(Records from a data source)

=-=-=

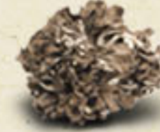
MAITAKE Grifola frondosa
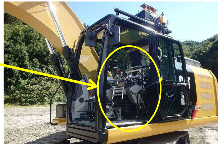
遠隔操縦装置の設置状況
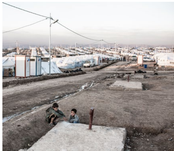
Flyktingläger i Irak.
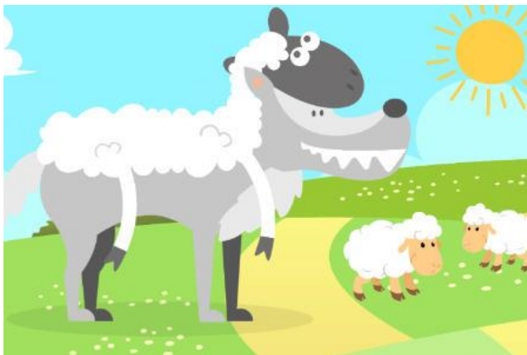
Imagen.- fabula El lobo disfrazado de corrdero 46 .

La importancia del desarrollo del lenguaje oral en la Etapa Preescolar a través de las fábulas, es debido a que ayuda a los niños a mejorar las habilidades de comunicación oral, tener una mejor pronunciación de las palabras, así como también la entonación de cada de una de ella y es que la lectura ayuda a mejorar de manera exponencial la comunicación.

=-=-=

## What the task asks
Where the records above contain a line with "Imagen.- fabula El", repeat that line and each later line through the end, exactly, and nothing more.

## Your response
Imagen.- fabula El lobo disfrazado de corrdero 46 .

La importancia del desarrollo del lenguaje oral en la Etapa Preescolar a través de las fábulas, es debido a que ayuda a los niños a mejorar las habilidades de comunicación oral, tener una mejor pronunciación de las palabras, así como también la entonación de cada de una de ella y es que la lectura ayuda a mejorar de manera exponencial la comunicación.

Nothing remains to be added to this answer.